*TASK DETAILS*
Exactly the lines from the beginning of the records below through the line with "通用妙洁旋转拖把杆手压拖把杆自动甩水拖布杆不锈钢拖头替换墩布" must be given again, without pictures.

*Records from a collection*
※
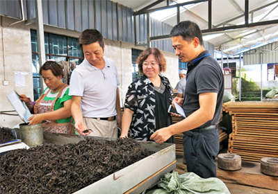 揭牌/簽約儀式前,李瑞峰還陪同參會嘉賓參觀考察了普洱知味茶廠生產(chǎn)車間和荒田村“綠色農(nóng)業(yè)示范基地”茶山現(xiàn)場,與車間工人和茶農(nóng)針對茶葉病蟲、茶葉加工、農(nóng)藥殘留及檢測方法等方面進(jìn)行了細(xì)致和深入的交流。
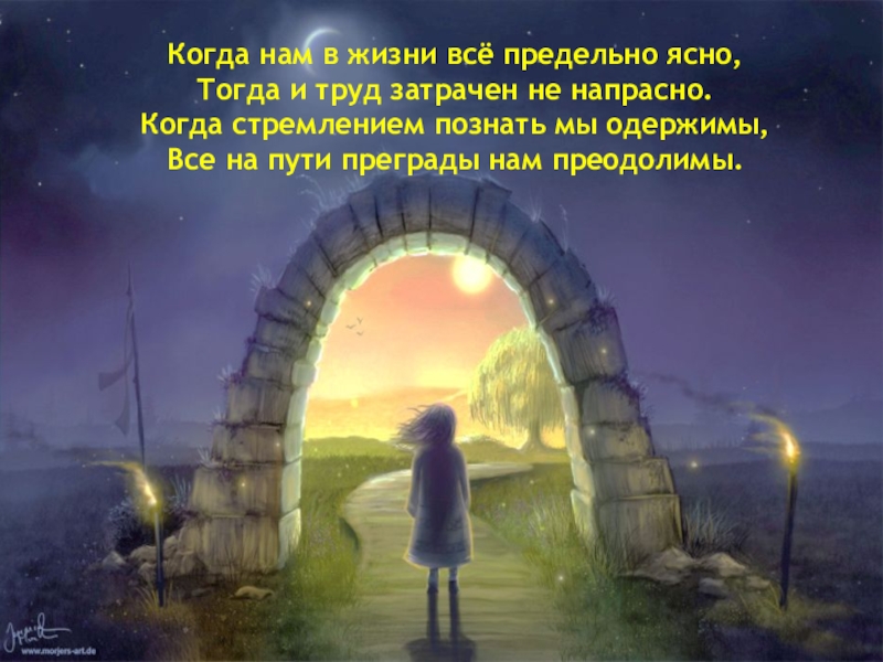 Не всякому легко по ним идти. Тому в страну познанья путь открыт,
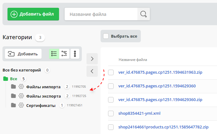 - Список всех файлов раздела (Все).
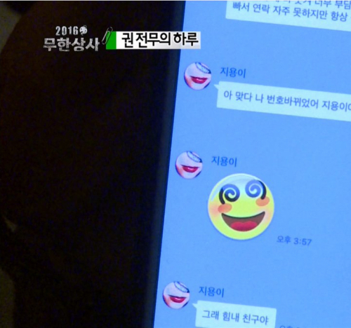 함께 공개된 사진 속 정형돈은 지드래곤을 향해 "너는 이모티콘이 너무 없다"며 서운한 기색을 표했다. 지드래곤은 "그런 거 어떻게 하는지 잘 몰라요"라고 멋쩍은 듯 답했다.
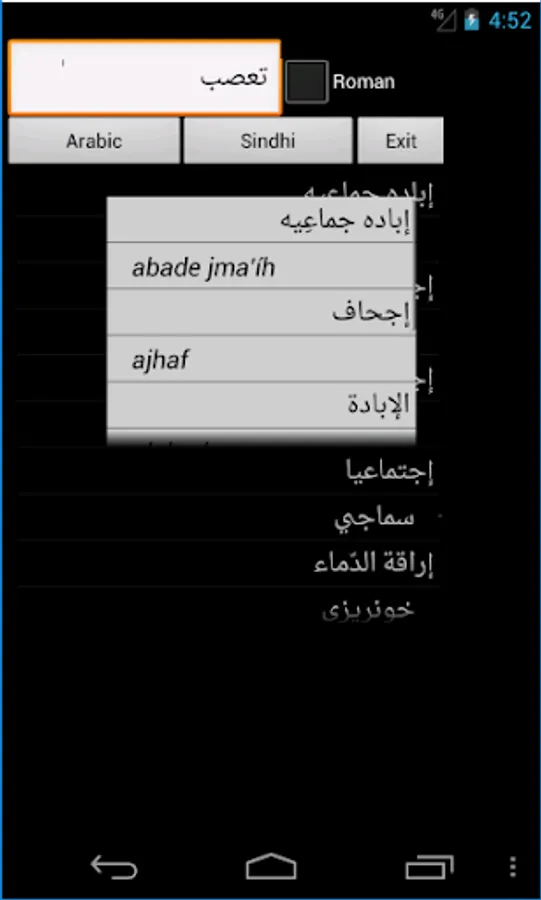 Sindhi Arabic Dictionary - travel dictionary to translate Sindhi to Arabic.Copying a word from the translated list for a reverse translation can be used to find synonyms and to understand the broader use of the word. Although the dictionary does not provide definitions or examples, the use of the translation software in this way provides you with a mechanism to better understand Arabic words in the Sindhi context without the need for definitions.
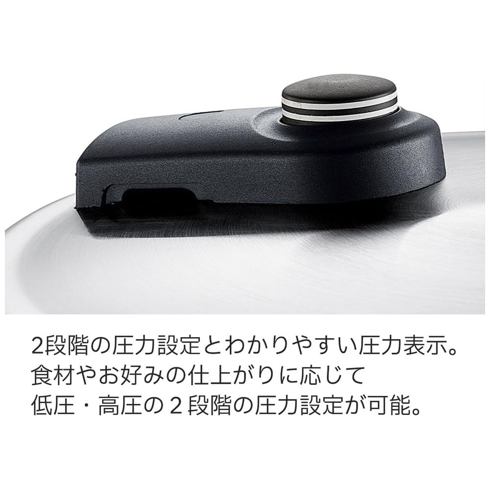 食材やお好みの仕上がりに応じて低圧・高圧の2段階の圧力設定が可能。
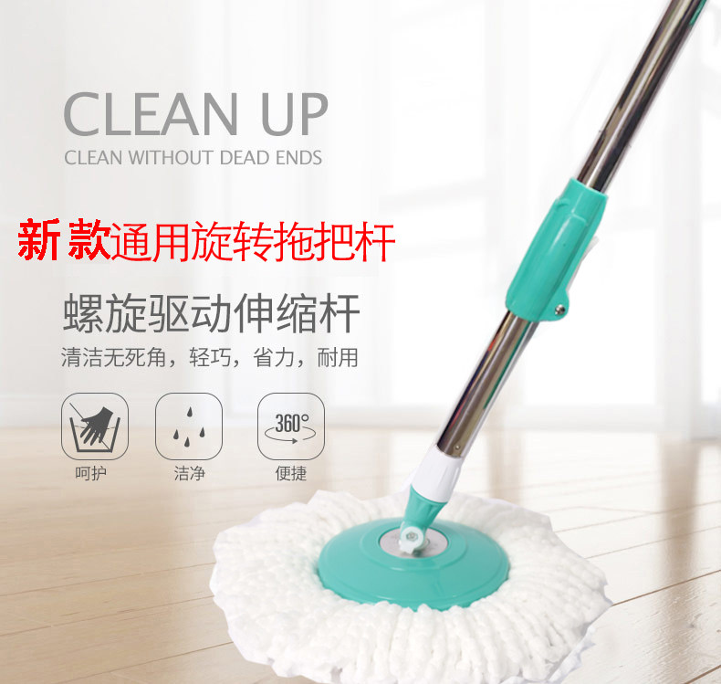 通用妙洁旋转拖把杆手压拖把杆自动甩水拖布杆不锈钢拖头替换墩布
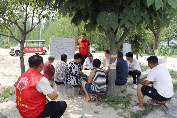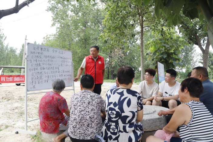 炎炎夏日,蟬鳴陣陣。7月14日,在棗莊市嶧城區陰平鎮東樓村枝繁葉茂的老槐樹下,一輛醒目的“紅色大篷車”停駐在陰涼處。不同于傳統的流動舞臺或政策宣傳車,今天的大篷車化身“移動安全課堂”,一塊便攜的“小黑板”支起,志愿者正用洪亮的聲音和接地氣的語言,為納涼的村民們帶來一堂關乎生命財產安全的“清涼課”——防溺水與反電信網絡詐騙知識宣講。
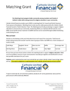 This program provides a match of up to $1,000 when your Parish Volunteer Team hosts a fundraiser in support of a school or R.E. program.
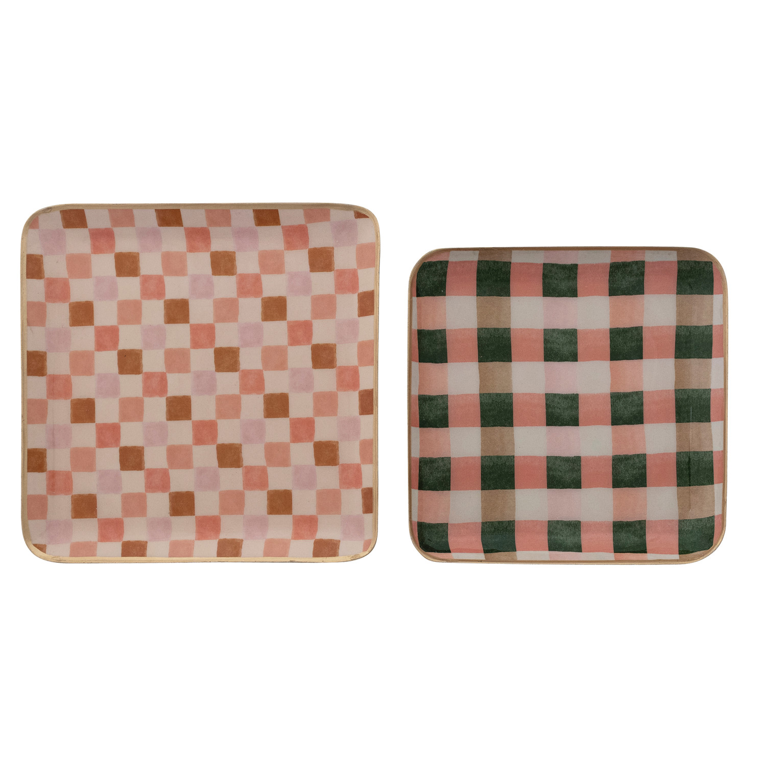 Catalog Name: 8" Square & 7" Square Enameled Metal Trays w/ Check/Plaid Patterns & Gold Edges, Multi Color, Set of 2
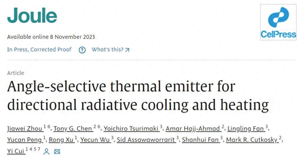 Jiawei Zhou, Tony G. Chen, Yoichiro Tsurimaki, Amar Hajj-Ahmad, Lingling Fan, Yucan Peng,Rong Xu, Yecun Wu, Sid Assawaworrarit, Shanhui Fan, Mark R. Cutkosky, and Yi Cui*, Angle-selective thermal emitter for directional radiative cooling and heating, Joule. (2023). https://doi.org/10.1016/j.joule.2023.10.013
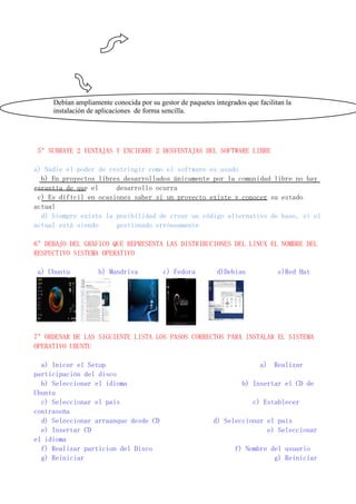 Este documento presenta un cuestionario de computación del primer semestre. Algunas de las preguntas incluyen identificar ventajas de usar computadoras, asociar características con generaciones de computadoras, clasificar componentes de hardware, completar atributos de software libre, identificar ventajas y desventajas de software libre, y ordenar los pasos para instalar Ubuntu.
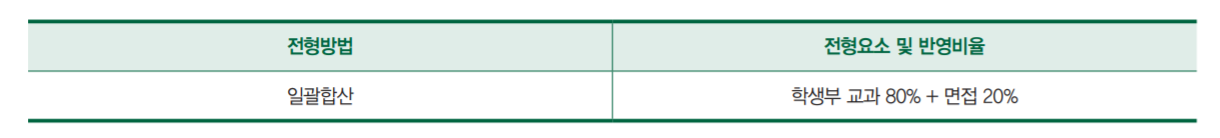 이화여대 학생부교과 전형부터 살펴 보겠습니다. 이대 학생부 교과는 상위권 대학답게 고교 추천전형 방식으로 뽑습니다. 지원자격은 2021년 2월 졸업 예정인 현 고3생과 2020년 2월 이후 졸업한 수험생까지입니다. 인문계, 자연계 구분 없이 학교당 추천인원은 5명까지입니다. 반영 기준은 학생부 교과가 80%로 매우 높으며 면접은 20% 비율입니다. 수능 최저학력 기준은 적용하지 않습니다. 교과 반영 과목은 국어, 영어, 수학, 한국사, 사회, 과학 과목입니다.
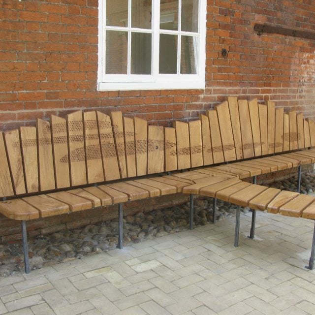 Our benches are reasonably-priced as you are only paying for us and the materials. We are a small workshop in rural Suffolk with low overheads- you are not paying for a large office, company directors or shareholders’ dividends. The all-in cost depends on the size of the bench….. the complexity of the design and decoration…… the number of workshops with your local community groups…… the presence of some suitable local oak that you may be able to supply us……. the distance we need to travel…. how good your coffee is….. and will generally sit between £5,000-25,000. But we are flexible and always willing to work to a budget and build your Bench Project around your needs….. your resources……. your community. And we also love a challenge so are happy to talk about any job you can imagine.
※
*RESULT BELOW*
 揭牌/簽約儀式前,李瑞峰還陪同參會嘉賓參觀考察了普洱知味茶廠生產(chǎn)車間和荒田村“綠色農(nóng)業(yè)示范基地”茶山現(xiàn)場,與車間工人和茶農(nóng)針對茶葉病蟲、茶葉加工、農(nóng)藥殘留及檢測方法等方面進(jìn)行了細(xì)致和深入的交流。
 Не всякому легко по ним идти. Тому в страну познанья путь открыт,
 - Список всех файлов раздела (Все).
 함께 공개된 사진 속 정형돈은 지드래곤을 향해 "너는 이모티콘이 너무 없다"며 서운한 기색을 표했다. 지드래곤은 "그런 거 어떻게 하는지 잘 몰라요"라고 멋쩍은 듯 답했다.
 Sindhi Arabic Dictionary - travel dictionary to translate Sindhi to Arabic.Copying a word from the translated list for a reverse translation can be used to find synonyms and to understand the broader use of the word. Although the dictionary does not provide definitions or examples, the use of the translation software in this way provides you with a mechanism to better understand Arabic words in the Sindhi context without the need for definitions.
 食材やお好みの仕上がりに応じて低圧・高圧の2段階の圧力設定が可能。
 通用妙洁旋转拖把杆手压拖把杆自动甩水拖布杆不锈钢拖头替换墩布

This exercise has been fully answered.